The boxplot shows that median and upper quartile home prices generally
increase as the number of bedrooms increases. The significant ANOVA
provides statistical evidence that number of bedrooms impacts home
price.
Hypothesis 2: Newer Homes have higher prices per square foot Test Details Null hypothesis (H0): There is no difference in price per square foot between newer and older Homes Alternative hypothesis (HA): Newer Homes have a higher average price per square foot compared to older Homes Alpha: 0.01 More conservative alpha due to one-tailed test Power: 0.9 Want higher power to detect effect in specific direction Minimum detectable effect size: $200 price per square foot Based on typical range of home prices per square foot Neyman-Pearson Test Conditions met: Independent observations Price per square foot close to normal distribution Equal variance across groups Grouping year built: Older Homes: built before 1980 (at least 40 years old) Newer Homes: built 1980 or later
older_Homes <- Homes %>%
filter(year_built < 1980)
newer_Homes <- Homes %>%
filter(year_built >= 1980)
t.test(price_per_sqft ~ Homes$year_built < 1980, Homes,
alternative="greater")
##
## Welch Two Sample t-test
##
## data: price_per_sqft by Homes$year_built < 1980
## t = 8.3281, df = 263.39, p-value = 2.268e-15
## alternative hypothesis: true difference in means between group FALSE and group TRUE is greater than 0
## 95 percent confidence interval:
## 470.3705 Inf
## sample estimates:
## mean in group FALSE mean in group TRUE
## 1552.150 965.505
The one-tailed t-test shows a significant difference between older and newer Homes (p < 0.01) The mean price per square foot is greater for newer Homes Therefore, we reject the null hypothesis and conclude that newer Homes have a higher price per square foot on average Fisher’s Test
Homes %>%
group_by(year_built) %>%
summarize(mean_ppft = mean(price_per_sqft, na.rm=TRUE)) %>%
ggplot(aes(x = factor(year_built< 1980), y = mean_ppft, fill = factor(year_built < 1980))) +
geom_boxplot() +
labs(x = "Year Built < 1980", y = "Mean Price Per Sqft") +
scale_fill_discrete(name = "Year Built < 1980")
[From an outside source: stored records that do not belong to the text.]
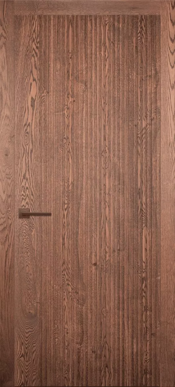 Дверь Легно-2 ДГ имеет каркасно-щитовую конструкцию с фрезерованной поверхностью полотна. Модель изготовлена по технологии DSW из внутренней рамки с цельным заполнением массивом и оклеена дубовыми щитами из нерошенной рустикальной ламели дуба. Покрыта морилкой и водным лаком.
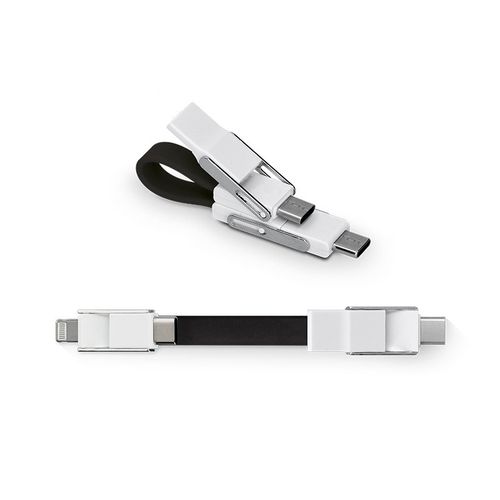 Your charger at your fingertips ! This 6-in-1 keychain charging cable, equipped with 2 inputs USB-A and USB-C, and 3 outputs double-side Lightning, micro-USB and USB-C, charging cable and data transfer, allows you to have the right tip to charge your phone, to be able to charge two mobiles between them. Supplied with ring, in an individual illustrated pouch. Branding on the white tip in 1 Colour or Quadri-Digital.
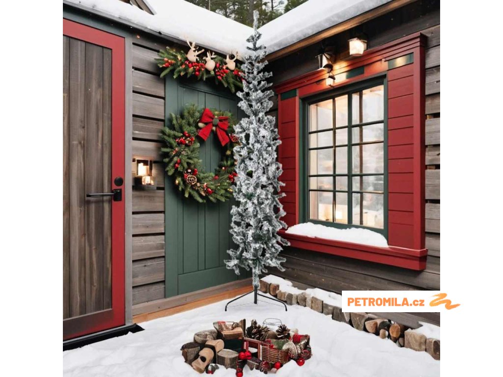 - Design se sněhovým popraškem: Jehličí pokryté bílým sněhovým popraškem dodává úzkému vánočnímu stromku na eleganci.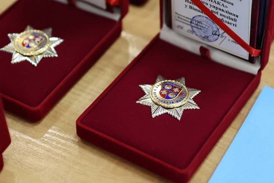 Начальник Головного управління у Вінницькій області зачитав наказ про присвоєння, у порядку заохочення, спеціальних звань працівникам поліції, а також нагородив кращих працівників почесним знаком «Відзнака» Головного управління Національної поліції у Вінницькій області.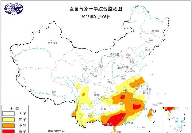 由于缺少有效降水,南方气象干旱持续发展扩大,部分地区旱情甚至进一步升级。对比今年1月5号和去年12月29号,江淮、江南和华南等地多地旱情已加剧,目前安徽江苏湖北湖南江西福建广西广东台湾等地出现了成片的中旱到重旱区域。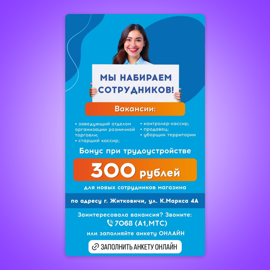 Закрыть вакансии в торговые залы (кассиры, продавцы) по всей стране.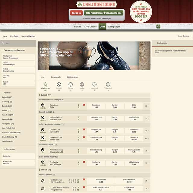 Föredrar du spela casino och odds på ett ställe, är Casinostugan ett bra val. Ifjol uppdateras plattformen, vilket gjorde oddsspel på sajten ännu smidigare. Här kan du känna dig trygg och säker när du satsar pengar på sport samt få extra pengar att spela för, när du hämtar ut din bettingbonus.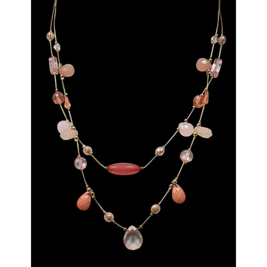 Coquette Pink And Gold Tone Beaded Station Layered Necklace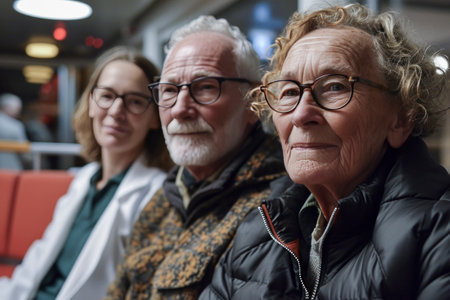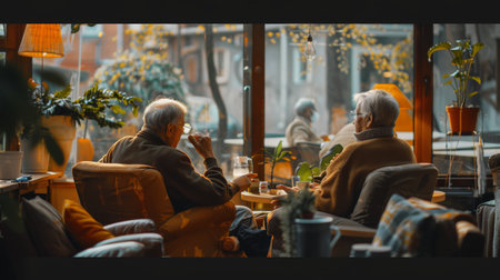 Seniors enjoying a lively conversation at a community center on a chilly afternoon in winter. Generative AI

aov_result <- aov(price_per_sqft ~ year_built < 1980, data=Homes)
summary(aov_result)
## Df Sum Sq Mean Sq F value Pr(>F)
## year_built < 1980 1 40365887 40365887 88.3 <2e-16 ***
## Residuals 490 223994399 457131
## ---
## Signif. codes: 0 '***' 0.001 '**' 0.01 '*' 0.05 '.' 0.1 ' ' 1
The ANOVA shows a significant effect of year built (newer vs. older) on price per square foot (p < 0.05) Aligns with the conclusion from the Neyman-Pearson test Visualization
Homes %>%
mutate(year_group = ifelse(year_built < 1980, "Built before 1980",
"Built 1980 or later")) %>%
ggplot(aes(x=year_group, y=price_per_sqft)) +
geom_boxplot() +
labs(title="Home Price per Square Foot by Year Built",
x="Year Built",
y="Price per Square Foot (USD)")
The boxplots illustrate the significant difference in price per square
foot between older and newer Homes. Newer Homes have a higher median and
upper quartile price per square foot compared to older Homes built
before 1980.
Conclusion The hypothesis tests and visualizations provide evidence that both number of bedrooms and year built have an impact on home prices and price per square foot, respectively. Home prices tend to increase with more bedrooms. Additionally, newer Homes tend to have a higher price per square foot compared to older Homes.